### AIM OF THE EXERCISE
As the answer, set down the lines below from the one containing "Per donna Abito" through the one containing "OAK SERVING TRAY", exactly and inclusively, and no others.

*** MATERIALS PROVIDED ***

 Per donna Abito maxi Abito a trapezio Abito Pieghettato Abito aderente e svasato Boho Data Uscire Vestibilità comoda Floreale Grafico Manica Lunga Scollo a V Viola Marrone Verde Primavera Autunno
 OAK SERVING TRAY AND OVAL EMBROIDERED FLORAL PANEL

*** End of MATERIALS PROVIDED ***
*** MATERIALS PROVIDED ***

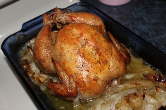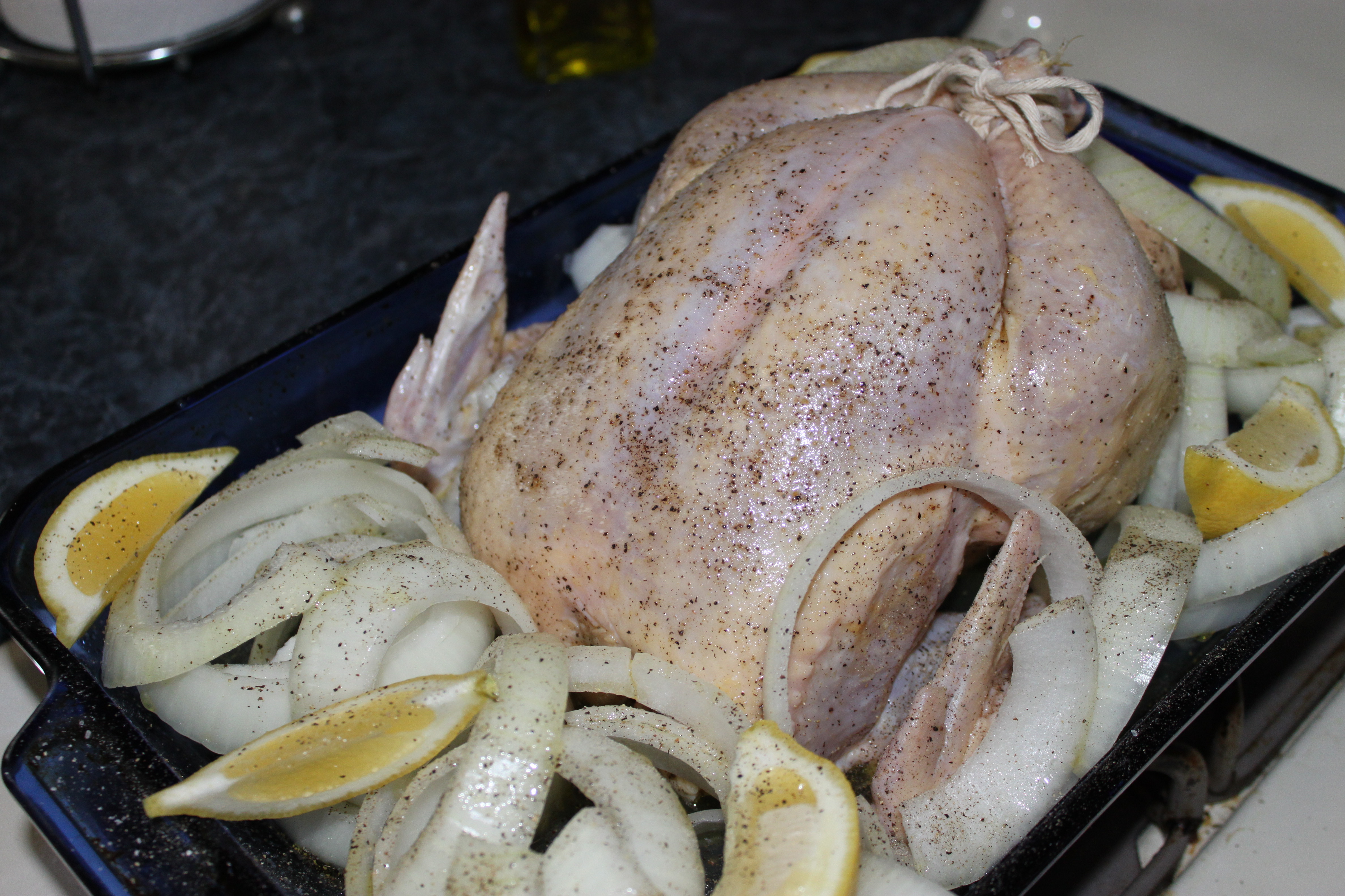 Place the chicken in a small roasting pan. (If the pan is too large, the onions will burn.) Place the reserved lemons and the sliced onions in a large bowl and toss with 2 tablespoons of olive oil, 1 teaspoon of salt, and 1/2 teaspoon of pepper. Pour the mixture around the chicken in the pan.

*** End of MATERIALS PROVIDED ***

### WRITTEN RESPONSE
 Per donna Abito maxi Abito a trapezio Abito Pieghettato Abito aderente e svasato Boho Data Uscire Vestibilità comoda Floreale Grafico Manica Lunga Scollo a V Viola Marrone Verde Primavera Autunno
 OAK SERVING TRAY AND OVAL EMBROIDERED FLORAL PANEL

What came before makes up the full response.